**TASK:** Repeat the listing exactly. Do not carry over any pictures.

**GIVEN DATA:**
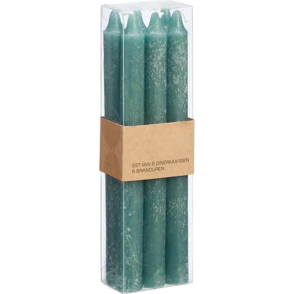 Dinerkaarsen rust met donkergroene kleur. 6 stuks. 20 cm hoog.
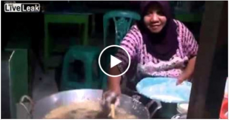 امرأة تضع يدها في الزيت المغلي ولا تتأثر
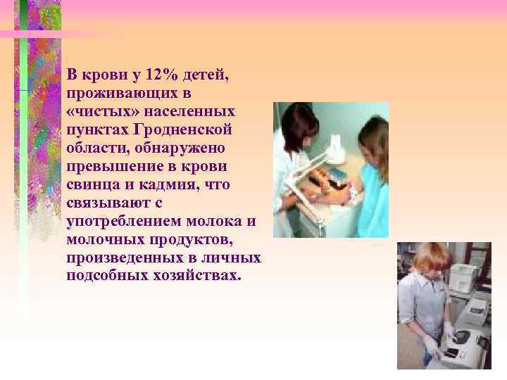 В крови у 12% детей, проживающих в «чистых» населенных пунктах Гродненской области, обнаружено превышение в крови свинца и кадмия, что связывают с употреблением молока и молочных продуктов, произведенных в личных подсобных хозяйствах.
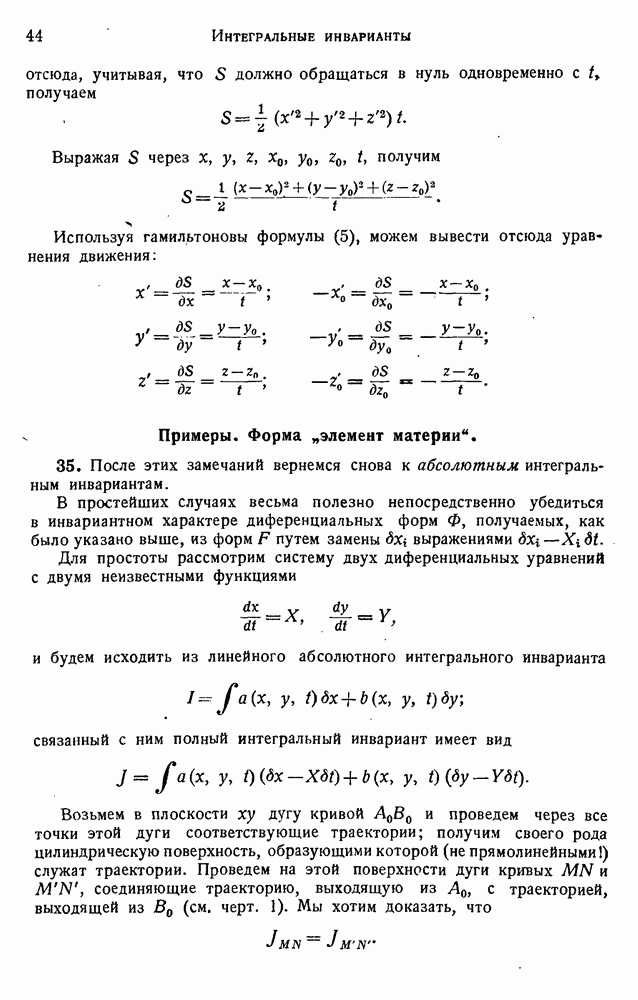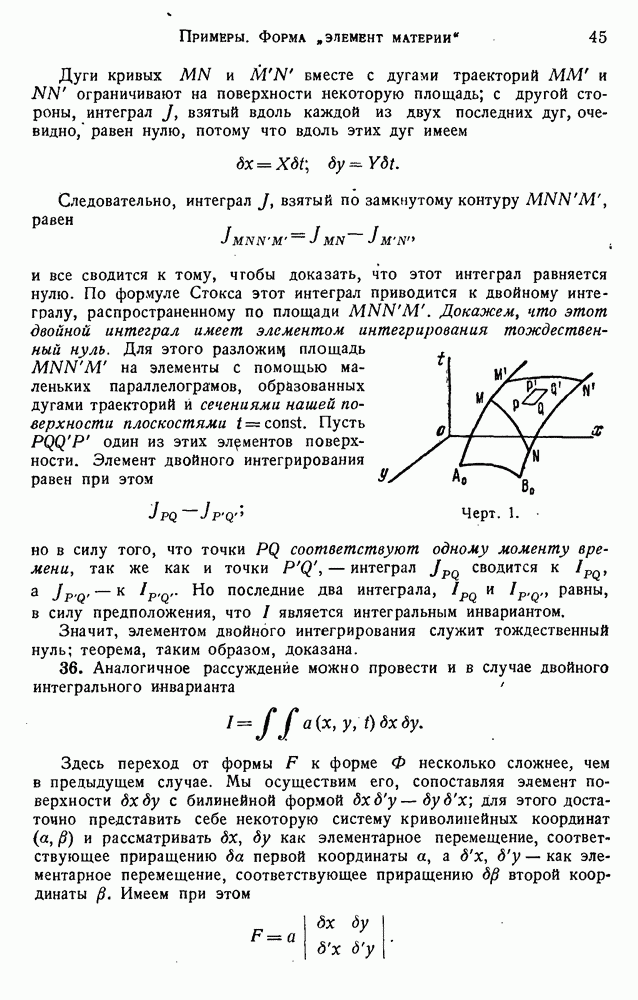 Свойство этой формы быть инвариантной ясно физически. Рассмотрим, в самом деле, трубку траекторий и пересечем эту трубку какими-либо двумя поверхностями, из которых трубка вырезает площади
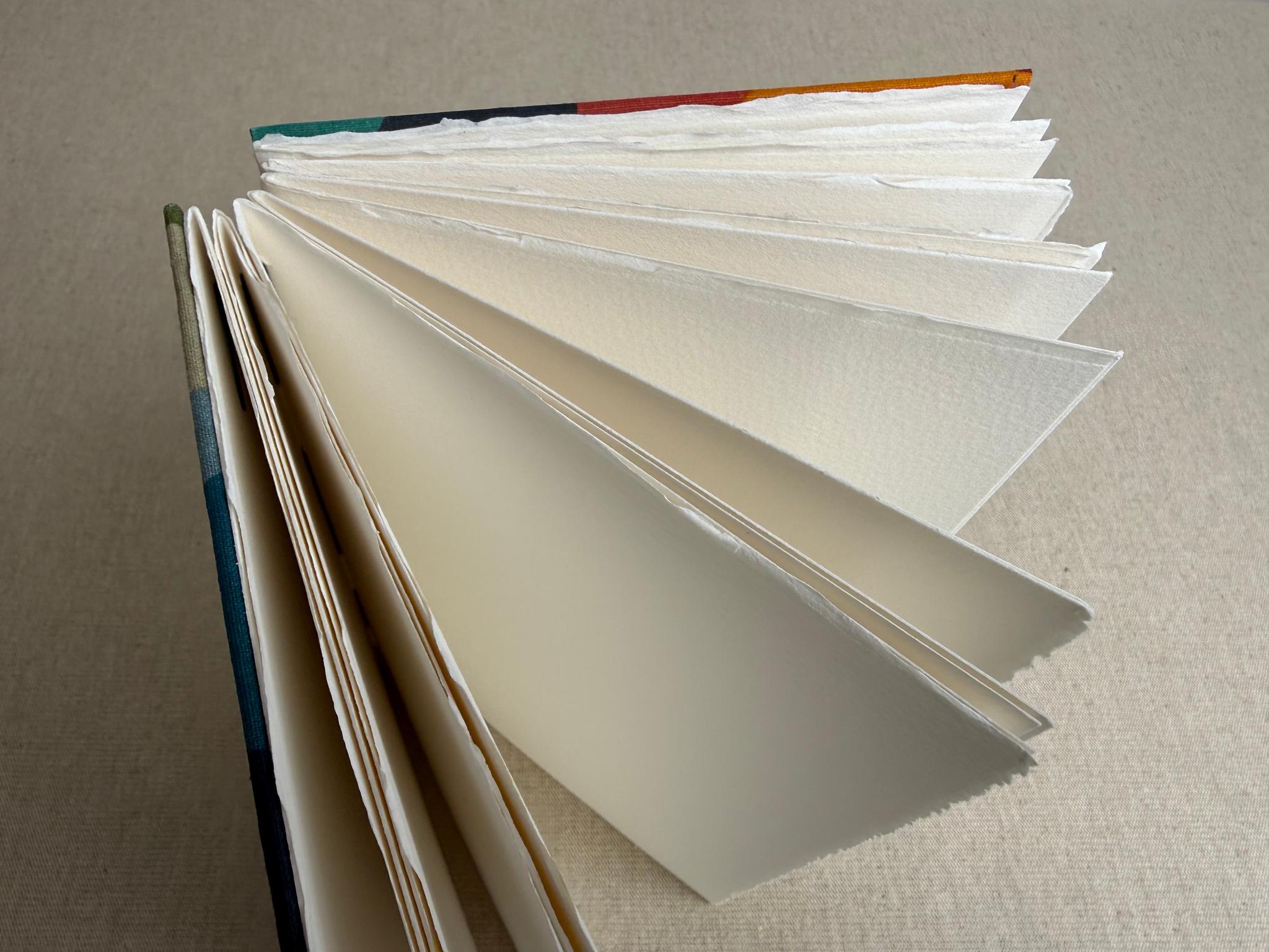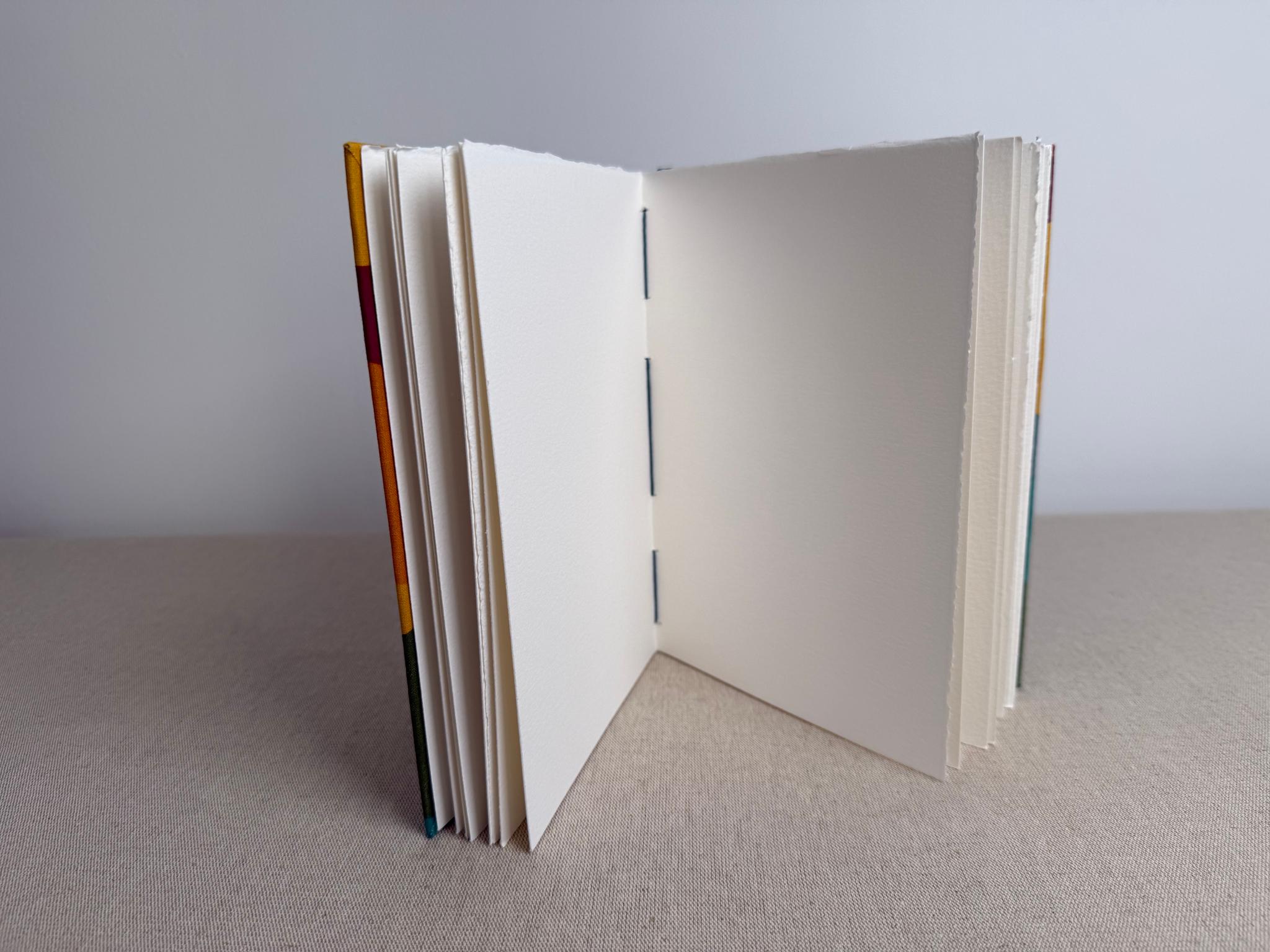 Reliure artisanale cousue avec du fil en lin utilisé traditionnellement pour la reliure, très résistant. Chaque carnet est un exemplaire unique.
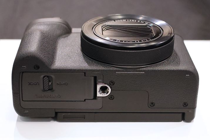 「PowerShot V1」のサイズは約118.3(幅)×68.0(高さ)×52.5(奥行)mmで、重量は約426g(バッテリーおよびメモリーカードを含む)。「PowerShot G7 X Mark III」と比べるとひとまわり大きくて重いボディだが、1.4型センサーや、35mm判換算で焦点距離約16mmスタートの超広角ズームレンズ、冷却ファンを搭載していることを考慮するとコンパクトに収まっている。
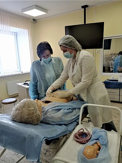 Контроль уровня владения важными практическими навыками у врачей-интернов с использованием симуляционных технологий (фантомов, тренажеров, манекенов) провела заведующий кафедрой акушерства и гинекологии, доктор медицинских наук, профессор Людмила Фёдоровна Можейко.
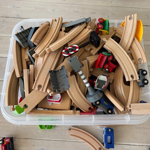 Blandet alder og stand. +100 togskinner mv. +30 togvogne mv. Der er nogle elektriske tog med. Jeg har ikke testet om de stadig virker (1 har virket mens vi har brugt det. 1 har delvist virket. 1 har jeg ikke opdaget var med batterier, men det er det gamle så tror ikke det virker). Thomas tog og Percy. Flere forskellige længder og kurver, herunder skiftespor og broer, samt flere tog, vogne og tilbehørsdele som vejoverkørsel, skilte og træer.
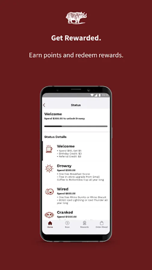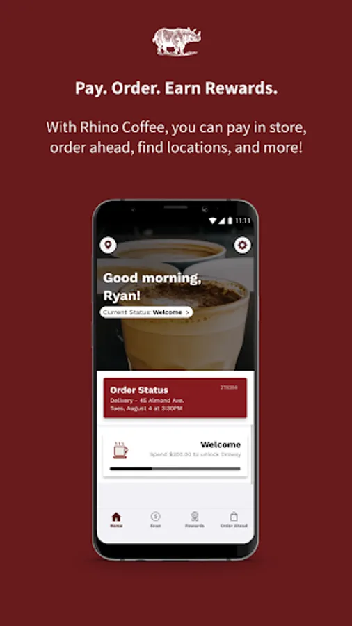 • Referral credit: tell your friends about Rhino Coffee and, when they download the app, you both get rewarded

**RESPONSE TO THE TASK:**
 Dinerkaarsen rust met donkergroene kleur. 6 stuks. 20 cm hoog.
 امرأة تضع يدها في الزيت المغلي ولا تتأثر
 В крови у 12% детей, проживающих в «чистых» населенных пунктах Гродненской области, обнаружено превышение в крови свинца и кадмия, что связывают с употреблением молока и молочных продуктов, произведенных в личных подсобных хозяйствах.
 Свойство этой формы быть инвариантной ясно физически. Рассмотрим, в самом деле, трубку траекторий и пересечем эту трубку какими-либо двумя поверхностями, из которых трубка вырезает площади
 Reliure artisanale cousue avec du fil en lin utilisé traditionnellement pour la reliure, très résistant. Chaque carnet est un exemplaire unique.
 「PowerShot V1」のサイズは約118.3(幅)×68.0(高さ)×52.5(奥行)mmで、重量は約426g(バッテリーおよびメモリーカードを含む)。「PowerShot G7 X Mark III」と比べるとひとまわり大きくて重いボディだが、1.4型センサーや、35mm判換算で焦点距離約16mmスタートの超広角ズームレンズ、冷却ファンを搭載していることを考慮するとコンパクトに収まっている。
 Контроль уровня владения важными практическими навыками у врачей-интернов с использованием симуляционных технологий (фантомов, тренажеров, манекенов) провела заведующий кафедрой акушерства и гинекологии, доктор медицинских наук, профессор Людмила Фёдоровна Можейко.
 Blandet alder og stand. +100 togskinner mv. +30 togvogne mv. Der er nogle elektriske tog med. Jeg har ikke testet om de stadig virker (1 har virket mens vi har brugt det. 1 har delvist virket. 1 har jeg ikke opdaget var med batterier, men det er det gamle så tror ikke det virker). Thomas tog og Percy. Flere forskellige længder og kurver, herunder skiftespor og broer, samt flere tog, vogne og tilbehørsdele som vejoverkørsel, skilte og træer.
 • Referral credit: tell your friends about Rhino Coffee and, when they download the app, you both get rewarded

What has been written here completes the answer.